Increase in fake reviews hitting Walmart, Amazon, and other retailers

For instance, companies will send postcards to people who recently purchased a product on Amazon, promising them a gift card to the site if they write a 5-star review that gets published. Other companies hire professional reviewers to post glowing reviews, while some use bots to post fake reviews en masse.   

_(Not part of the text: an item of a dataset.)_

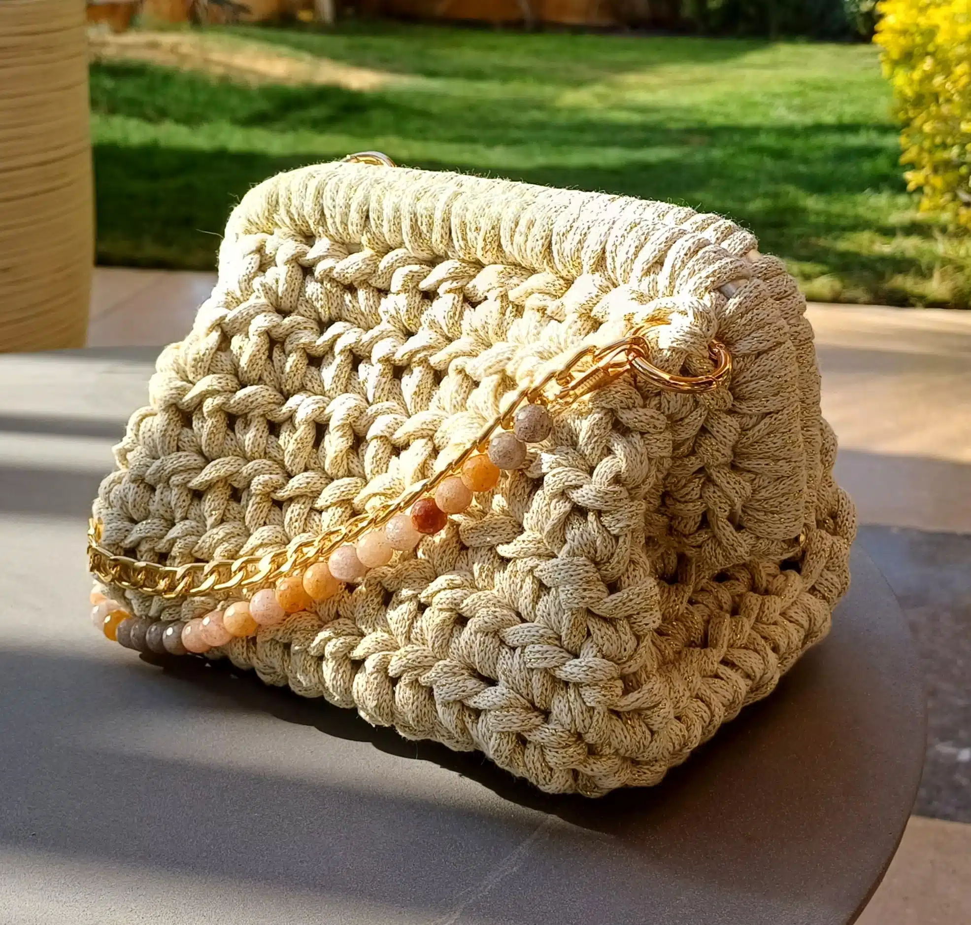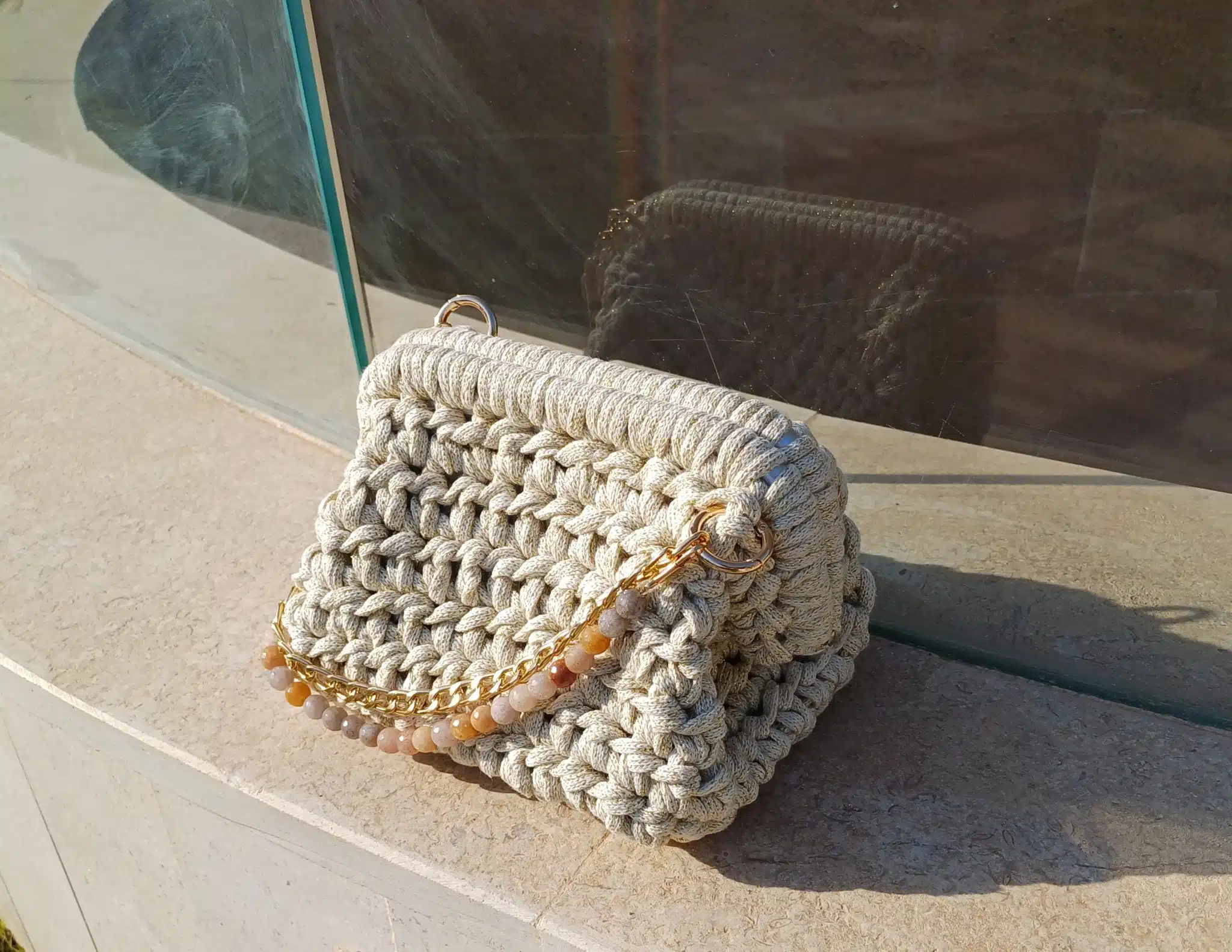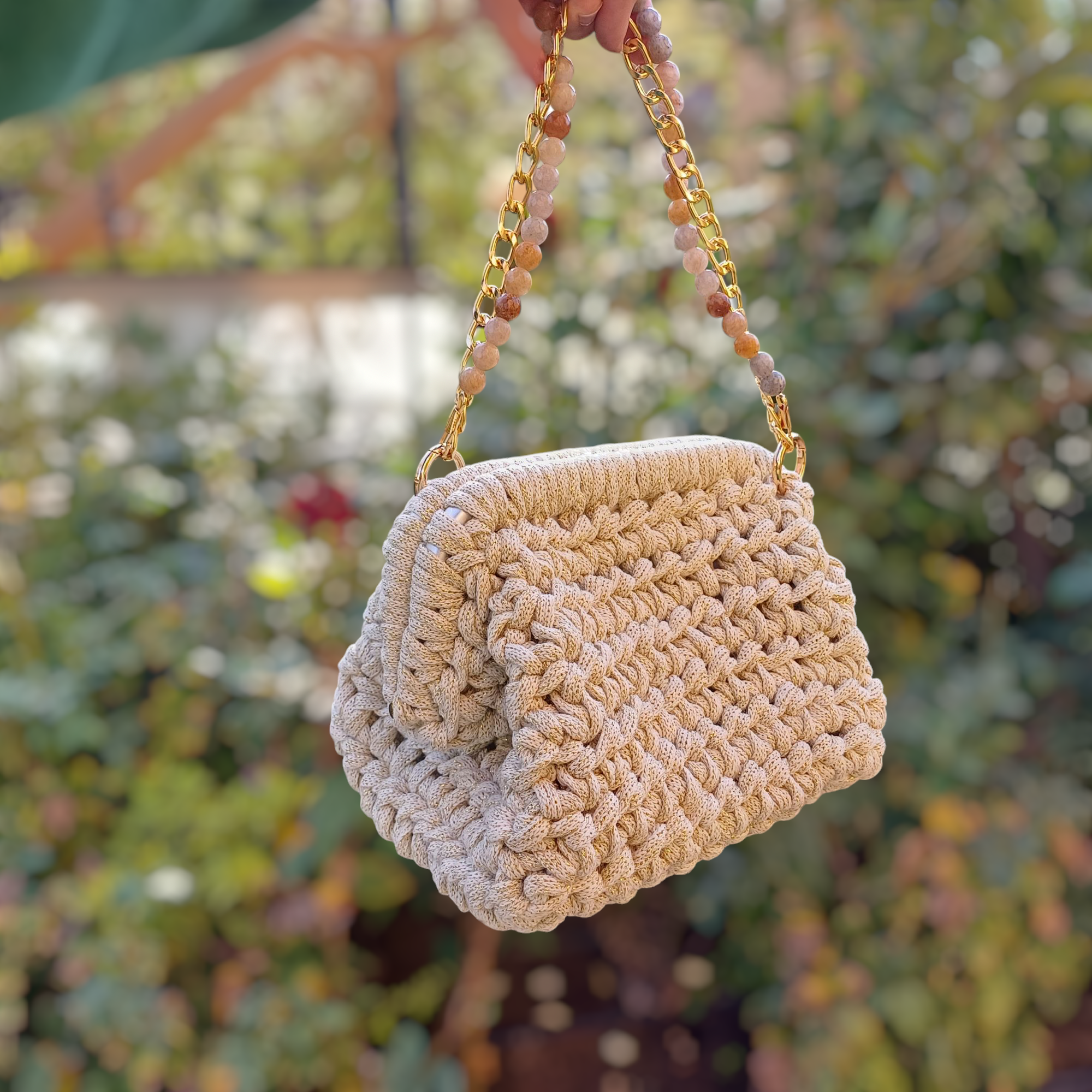 Off white crochet clutch/bag with sparkling golden touch. With a double handle in the form of a golden chain and a beaded handle. Will be great in afternoon and evening outings.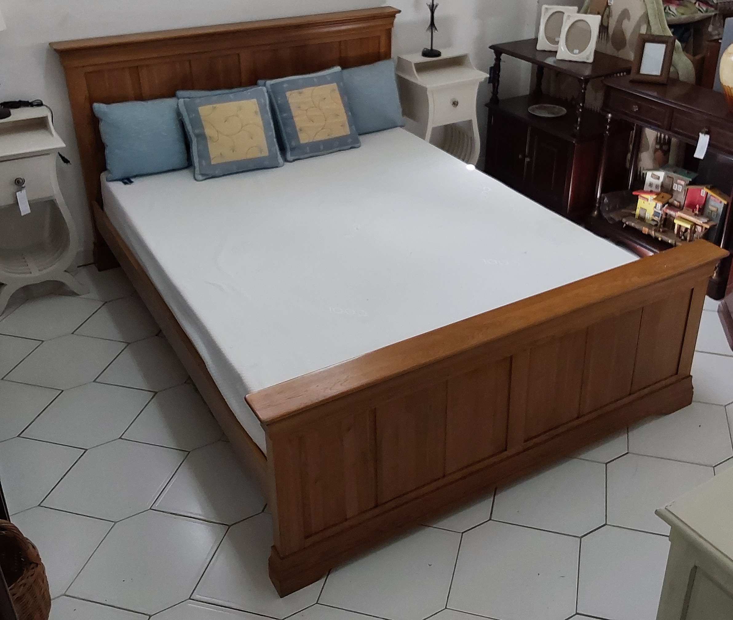 475/5. Double bed, wooden base including headboard and mattr ...

In the case of the postcards offering gift cards in exchange for top reviews, Fakespot’s Khalifah says the customer reviews are still problematic. In some cases, the offers are only valid if the review is posted within a few days of the purchase, but that may not give a consumer enough time to test the product and figure out of it performs as advertised.

“These influenced reviews are degrading the quality of your online shopping experience,” he says. 

Legal action

In a statement sent to CBS MoneyWatch, Walmart said it recognizes that reviews are “an important part of the Walmart shopping experience.” It added that it moderates all reviews. “If we do not believe a review is from an actual customer, we immediately remove it from our site,” the company said. 

Amazon said it invests “significant resources” in maintaining the quality of its reviews. “Even one inauthentic review is one too many,” the company said in a statement sent to CBS MoneyWatch. 

Winery owner sues Google over bad reviews

It noted it has posted participation guidelines for reviewers and companies that sell on its site, and it added that it suspends, bans and takes legal action against those who violate its policies.

Amazon said it uses a combination of investigators and automation to root out inauthentic reviews. “We estimate more than 90 percent of inauthentic reviews are computer generated, and we use machine learning technology to analyze all incoming and existing reviews 24/7 and block or remove inauthentic reviews,” the company said.

Sephora and Steam’s parent company, Valve, didn’t immediately return requests for comment.

How to detect fake reviews

Fake reviews started proliferating several years ago, but show no sign of letting up, Khalifah says. While they may seem like a nuisance, they have the potential to mislead consumers about the quality of products. And consumers tend to rely on those reviews for purchasing advice, with about 84 percent of consumers saying they trust online reviews as much as personal recommendations, Fakespot said. 

Consumers can plug in the URL of a product into Fakespot’s website, which grades the reviews from A to F and provides insights into whether a retailer has removed reviews, a sign that some of the reviews may have been fake or biased. One popular external battery on Amazon, for instance, earned a “D” rating from Fakespot, which determined that fewer than 44 percent of the reviews were reliable.

Consumers can also eyeball reviews on their own for signs of deception. Khalifah says red flags include:

  • A one-day surge in five-star reviews
  • Broken grammar
  • Reviews from reviewers who post hundreds of reviews in one day

It’s not only that companies are faking glowing reviews, but companies are hiring people or using bots to also post fake “bad” reviews for competitors. A sudden rash of 1-star reviews for a product could be a sign of sabotage, for instance.

“We believe the review system is broken,” Khalifah said. “People still don’t realize how much the review system is gamed.”

The Federal Trade Commission is watching, too. On Tuesday it announced its first case against a marketer’s use of phony paid reviews on an independent retail website. Cure Encapsulations Inc. settled FTC allegations it made false and unsubstantiated claims for its garcinia cambogia weight-loss supplement through a third-party website the agency said was paid to write and post fake reviews on Amazon.com.

“When a company buys fake reviews to inflate its Amazon ratings, it hurts both shoppers and companies that play by the rules,” Andrew Smith, director of the FTC’s Bureau of Consumer Protection, said in a statement.